Remark: by choosing $n$ carefully, we can write problems such as: Show that we can choose $A$ and $B$ disjoint groups containing 5 players each so that each player in $B$ loses to exactly 3 players in $A$. The number 5 can be replaced by other numbers too.

Solution

There are $N = {n \choose 5}$ ways to choose set $A$. Of all those choices, we sum up the total number each player loses to exactly 3 players in $A$.

That is, for a given player $x$ that loses $p_x$ times, he contributes to ${p_x \choose 3} {n-p_x-1 \choose 2}$ to the total sum. This is because we can choose ${p_x \choose 3}$ ways to form the part of $A$ that beats $x$, and ${n-p_x-1 \choose 2}$ ways to form the part that doesn't beat $x$, and these are mutually exclusive and independent. Note that if $p_x < 3$ that number is zero as expected.

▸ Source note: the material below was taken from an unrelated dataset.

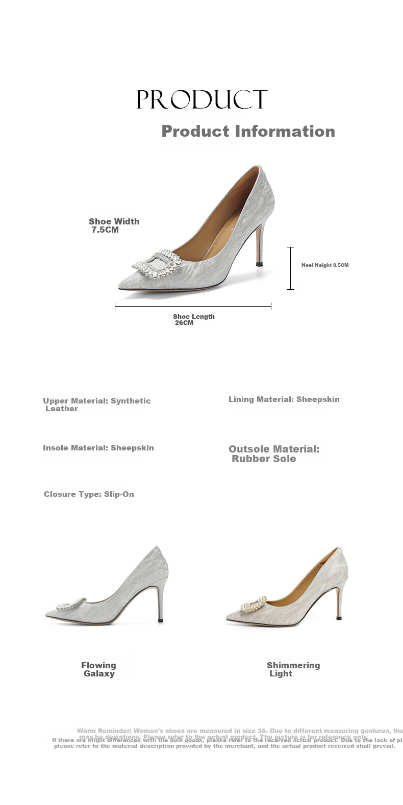 - Heel Height: 8.5cm

So the expected value is: $$E[X_3] = \frac{\sum_x {p_x \choose 3} {n-p_x-1 \choose 2}}{n \choose 5}$$ Because $f(t) = {p_x \choose 3} {n-p_x-1 \choose 2} - \frac{t(t-1)(t-2)(n-t-1)(n-t-2)}{3! 2!}$ is a convex function in $t$, we can bound this number by Jensen, noting that $\sum_x p_x = n(n-1)/2$ $$E[X_3] > \frac{{(n-1)/2 \choose 3} {n-(n-1)/2-1 \choose 2}}{n \choose 5}$$ By choosing $n$ carefully, or replacing the numbers 5 and 3 accordingly, we can write problems like: in such and such tournament, show that we can choose 5 players into group $A$ and 5 other players into group $B$ such that each player in group $B$ loses the majority of his games against players in group $A$, or each player in group $A$ wins the majority of his games against players in group $B$.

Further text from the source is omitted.